- [Problem to solve]: Please keep the images out and set down the data exactly as given.

- [Provided data]:

┄┄┄┄┄┄┄┄┄┄

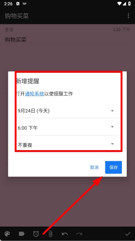 3、點(diǎn)擊底部的鬧鐘圖標(biāo),設(shè)置提醒時間,點(diǎn)擊保存。
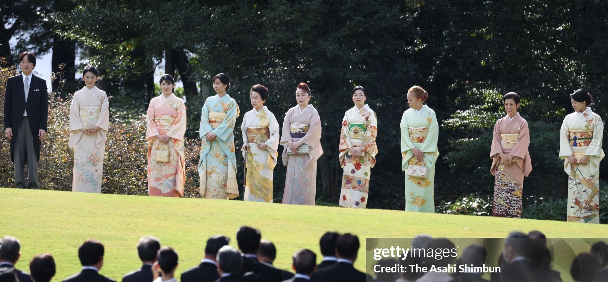 秋日和のなか見事な着物で勢ぞろいされた皇族の皆様。日本の伝統だとつくづく思います。レンズ越しと実際に見るのとではかなり違うのでしょうけれど、屋外、特にお天気の良いときに映える色目とか図柄というのはあるのでしょうね。若い女性は、若さの力でどんな場所でも生きいきしますが。
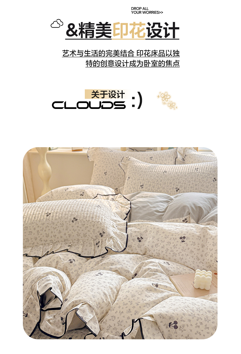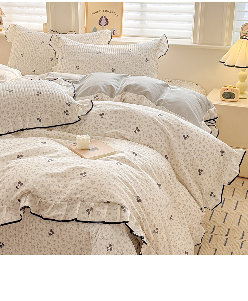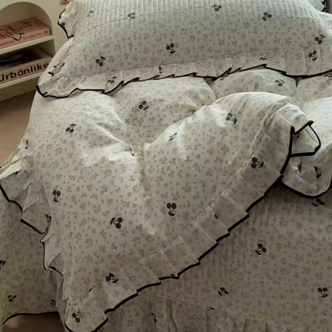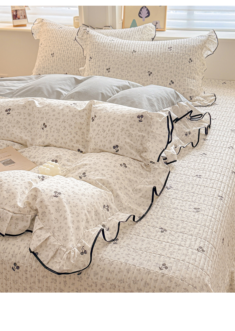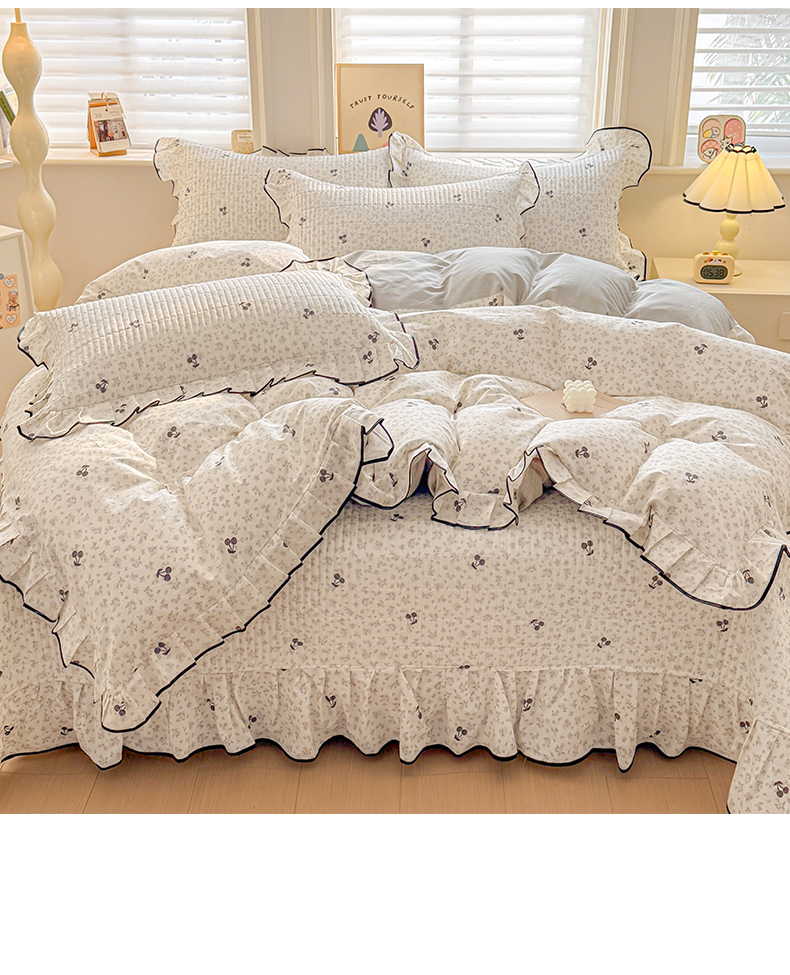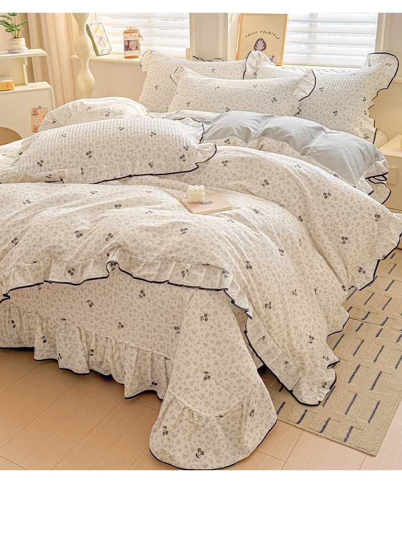 > 莱登卡奴 2026新款全棉A类小清新花边床盖款系列四件套 墨兰樱桃

┄┄┄┄┄┄┄┄┄┄

- [Written solution]:
 3、點(diǎn)擊底部的鬧鐘圖標(biāo),設(shè)置提醒時間,點(diǎn)擊保存。
 秋日和のなか見事な着物で勢ぞろいされた皇族の皆様。日本の伝統だとつくづく思います。レンズ越しと実際に見るのとではかなり違うのでしょうけれど、屋外、特にお天気の良いときに映える色目とか図柄というのはあるのでしょうね。若い女性は、若さの力でどんな場所でも生きいきしますが。
 > 莱登卡奴 2026新款全棉A类小清新花边床盖款系列四件套 墨兰樱桃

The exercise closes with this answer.